_Exercise prompt_
Which lines run from the line with "و بين عميد كلية" through the line with "完善预约项目信息,服务名称,服务简介,服" in the entries below? Print them exactly, both ends included, and nothing more.

_Raw data_
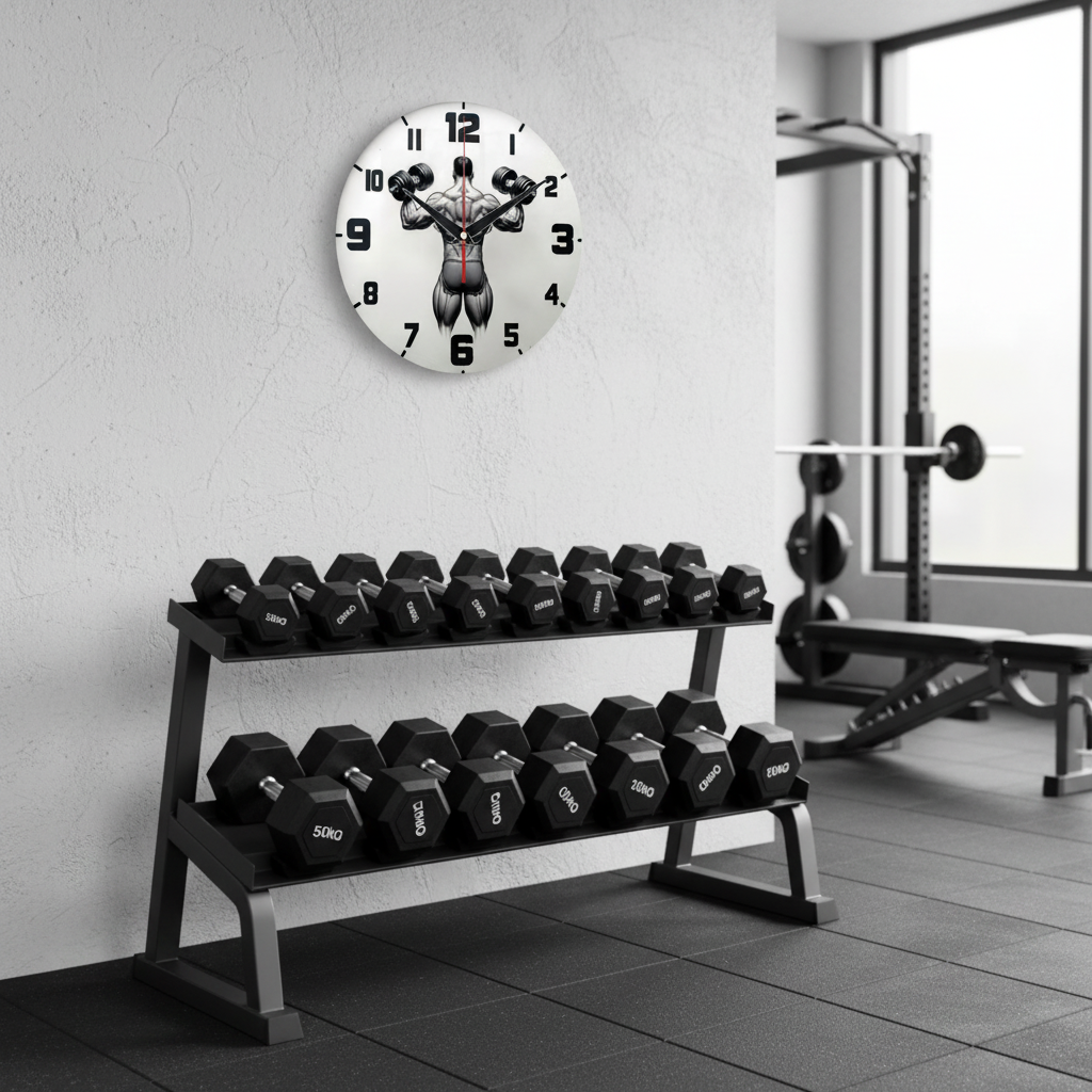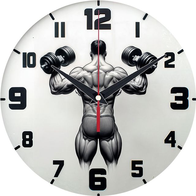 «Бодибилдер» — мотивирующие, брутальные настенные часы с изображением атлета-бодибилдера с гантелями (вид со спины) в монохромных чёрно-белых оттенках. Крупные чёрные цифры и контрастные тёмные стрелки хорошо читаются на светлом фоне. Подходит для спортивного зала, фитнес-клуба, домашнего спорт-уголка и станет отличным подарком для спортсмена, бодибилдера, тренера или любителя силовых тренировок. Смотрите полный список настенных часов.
---
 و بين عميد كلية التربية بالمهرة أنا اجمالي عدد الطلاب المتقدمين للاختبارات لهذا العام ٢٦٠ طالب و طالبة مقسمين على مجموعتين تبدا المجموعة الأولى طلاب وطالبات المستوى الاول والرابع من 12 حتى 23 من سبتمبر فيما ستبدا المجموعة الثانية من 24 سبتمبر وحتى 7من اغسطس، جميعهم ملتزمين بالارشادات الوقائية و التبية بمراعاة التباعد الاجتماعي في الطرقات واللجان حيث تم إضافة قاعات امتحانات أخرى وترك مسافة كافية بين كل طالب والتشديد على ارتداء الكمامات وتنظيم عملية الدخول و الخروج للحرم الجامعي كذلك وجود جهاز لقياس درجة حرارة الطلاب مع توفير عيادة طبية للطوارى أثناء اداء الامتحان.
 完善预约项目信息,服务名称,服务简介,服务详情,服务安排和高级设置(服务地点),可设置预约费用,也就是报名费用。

_Output for this task_
 و بين عميد كلية التربية بالمهرة أنا اجمالي عدد الطلاب المتقدمين للاختبارات لهذا العام ٢٦٠ طالب و طالبة مقسمين على مجموعتين تبدا المجموعة الأولى طلاب وطالبات المستوى الاول والرابع من 12 حتى 23 من سبتمبر فيما ستبدا المجموعة الثانية من 24 سبتمبر وحتى 7من اغسطس، جميعهم ملتزمين بالارشادات الوقائية و التبية بمراعاة التباعد الاجتماعي في الطرقات واللجان حيث تم إضافة قاعات امتحانات أخرى وترك مسافة كافية بين كل طالب والتشديد على ارتداء الكمامات وتنظيم عملية الدخول و الخروج للحرم الجامعي كذلك وجود جهاز لقياس درجة حرارة الطلاب مع توفير عيادة طبية للطوارى أثناء اداء الامتحان.
 完善预约项目信息,服务名称,服务简介,服务详情,服务安排和高级设置(服务地点),可设置预约费用,也就是报名费用。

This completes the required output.